STORED DATA below:

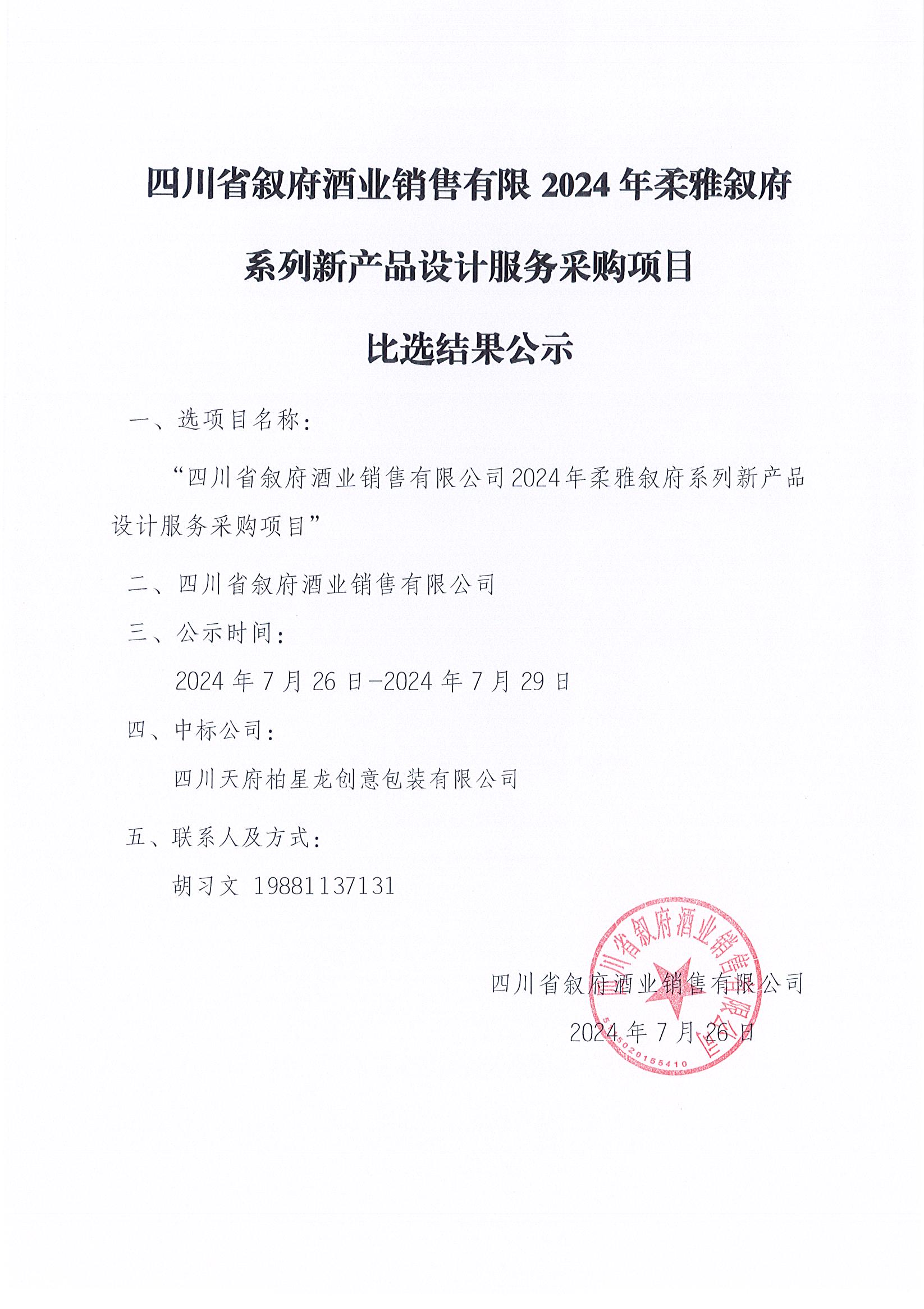 四川省敘府酒業(yè)銷(xiāo)售有限公司敘府大曲(藍標)產(chǎn)品TVC的創(chuàng )作與拍攝采購項目中標結果公示公告
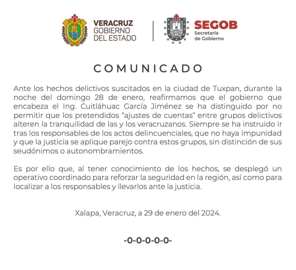 También la Secretaría de Gobierno a cargo de Carlos Juarez Gil expresó que ante los hechos ocurridos en Tuxpan el gobierno de Cuitláhuac García no permitirá los ajustes de cuentas entre bandas del crimen organizado.
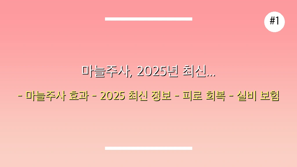 🎯 마늘주사, 2025년 최신 정보로 '피로 회복' 효과 제대로 알기
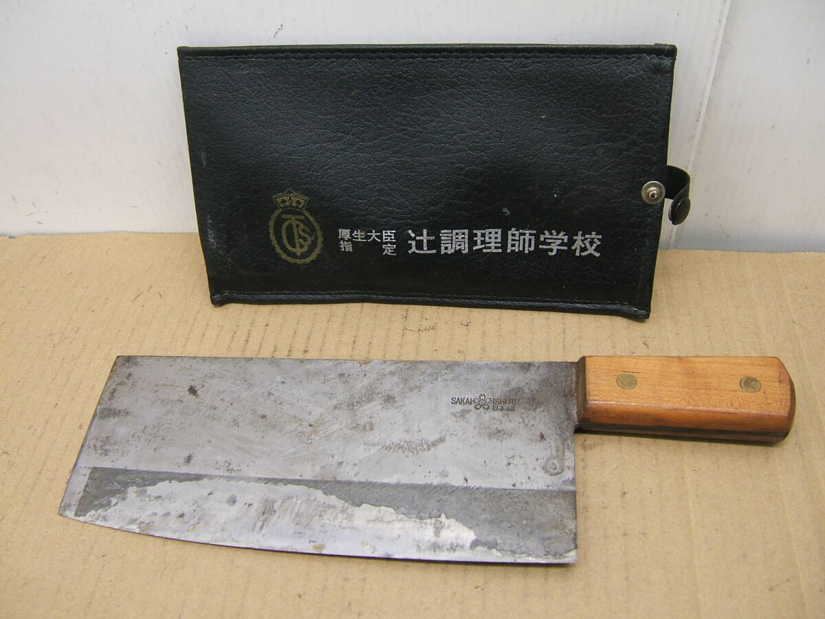 > 中古 SAKAI ISHITO 日本鋼 料理学校 刃長約215mm 中華包丁 万能包丁 調理器具 刃物 002

End of STORED DATA.

* _TASK REQUIREMENTS_: Wherever an image appears in the data, omit it and repeat everything else exactly.

* _THE COMPLETED TASK_:
 四川省敘府酒業(yè)銷(xiāo)售有限公司敘府大曲(藍標)產(chǎn)品TVC的創(chuàng )作與拍攝采購項目中標結果公示公告
 También la Secretaría de Gobierno a cargo de Carlos Juarez Gil expresó que ante los hechos ocurridos en Tuxpan el gobierno de Cuitláhuac García no permitirá los ajustes de cuentas entre bandas del crimen organizado.
 🎯 마늘주사, 2025년 최신 정보로 '피로 회복' 효과 제대로 알기
 > 中古 SAKAI ISHITO 日本鋼 料理学校 刃長約215mm 中華包丁 万能包丁 調理器具 刃物 002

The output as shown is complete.